On his father's side, his grandfather was a prominent liberal intellectual and one of the first authors to write a novel with
an expressly Indian theme. Thanks to his grandfather's extensive library, Paz came into early contact with literature. Like
his grandfather, his father was also an active political journalist who, together with other progressive intellectuals, joined
the agrarian uprisings led by Emiliano Zapata.
Paz began to write at an early age, and in 1937, he travelled to Valencia,
Spain, to participate in the Second International Congress of Anti-Fascist Writers. Upon his return to Mexico in 1938, he
became one of the founders of the journal, Taller (Workshop), a magazine which signaled the emergence of a new generation
of writers in Mexico as well as a new literary sensibility. In 1943, he travelled to the USA on a Guggenheim Fellowship where
he became immersed in Anglo-American Modernist poetry; two years later, he entered the Mexican diplomatic service and was
sent to France, where he wrote his fundamental study of Mexican identity, The Labyrinth of Solitude, and actively participated
(together with Andre Breton and Benjamin Peret) in various activities and publications organized by the surrealists. In 1962,
Paz was appointed Mexican ambassador to India: an important moment in both the poet's life and work, as witnessed in various
books written during his stay there, especially, The Grammarian Monkey and East Slope. In 1968, however, he
resigned from the diplomatic service in protest against the government's bloodstained supression of the student demonstrations
in Tlatelolco during the Olympic Games in Mexico. Since then, Paz has continued his work as an editor and publisher, having
founded two important magazines dedicated to the arts and politics: Plural (1971-1976) and Vuelta, which he
has been publishing since 1976. In 1980, he was named honorary doctor at Harvard. Recent prizes include the Cervantes award in 1981 - the most important award
in the Spanish-speaking world - and the prestigious American Neustadt Prize in 1982.
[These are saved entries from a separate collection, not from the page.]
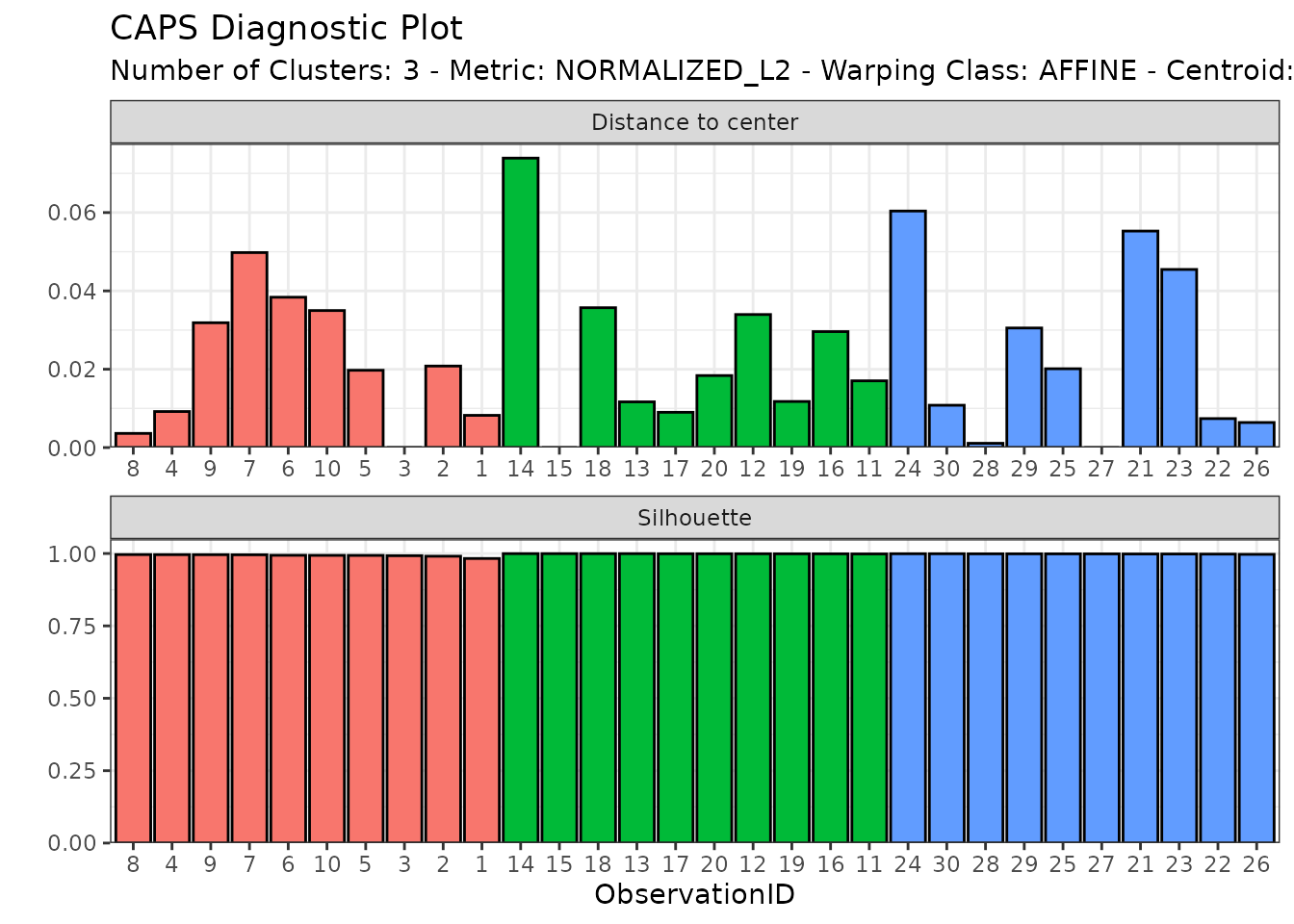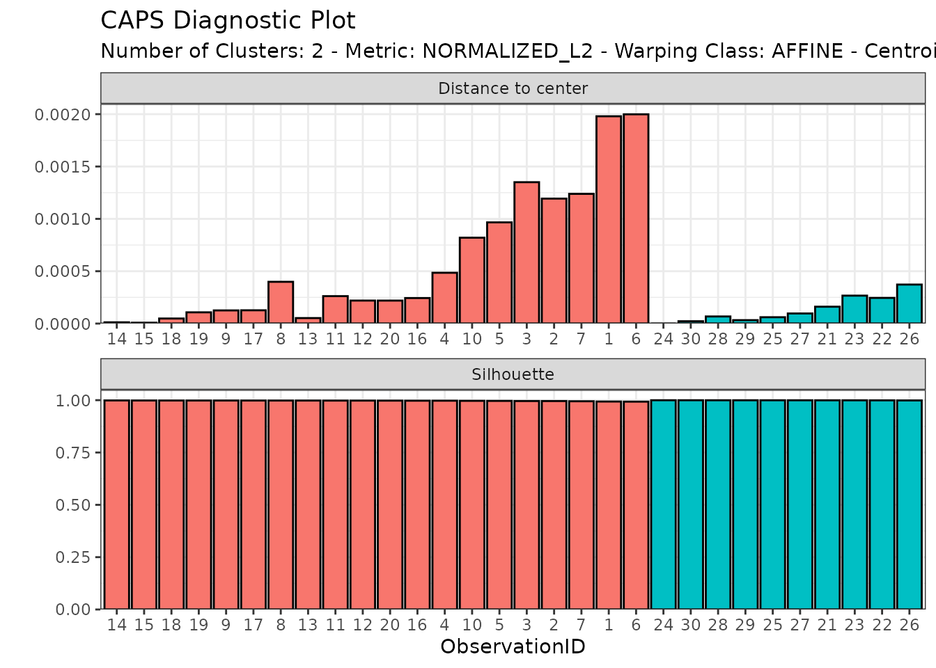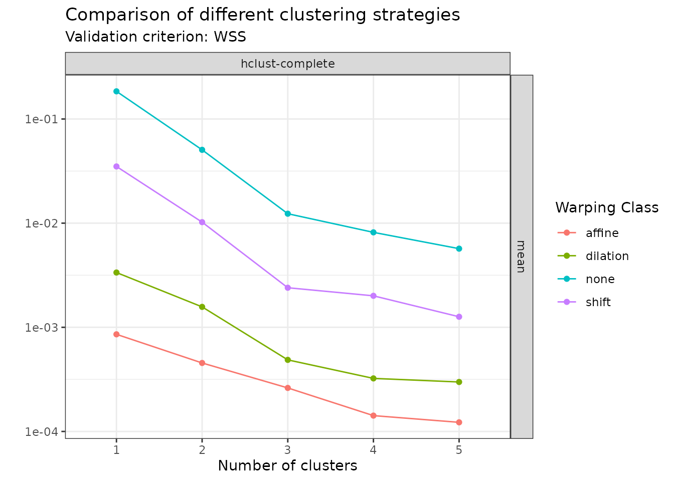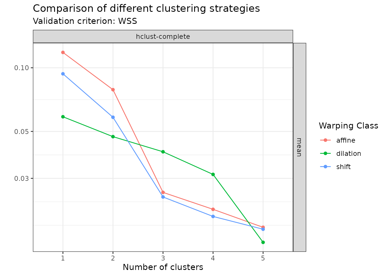 In this case, as expected by looking at the original data set, the plot suggests to search for groups. What is even more interesting is that there is in this case no improvement in terms of WSS by going from the shift warping class to the affine warping class. This was also expected by looking at the original data set but it is nice that it is also reflected in the output diagnostic.
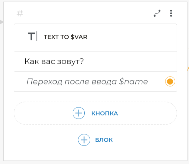 Для этого добавьте новый экран с блоком text to $var, который находится в подменю Еще блоки. С его помощью полученное от клиента имя сохранится в переменную, которую можно будет далее использовать в любом месте сценария.
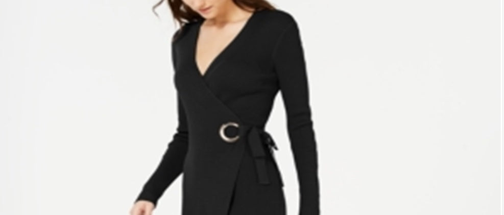 INC International Concepts Women's Wrap Sweater Dress Black Size X-Small

Paz is a poet and an essayist.
His poetic corpus is nourished by the belief that poetry constitutes "the secret religion of the modern age." Eliot Weinberger
has written that, for Paz, "the revolution of the word is the revolution of the world, and that both cannot exist without
the revolution of the body: life as art, a return to the mythic lost unity of thought and body, man and nature, I and the
other." His is a poetry written within the perpetual motion and transparencies of the eternal present tense. Paz's poetry
has been collected in Poemas 1935-1975 (1981) and Collected Poems, 1957-1987 (1987). A remarkable prose stylist,
Paz has written a prolific body of essays, including several book-length studies, in poetics, literary and art criticism,
as well as on Mexican history, politics and culture.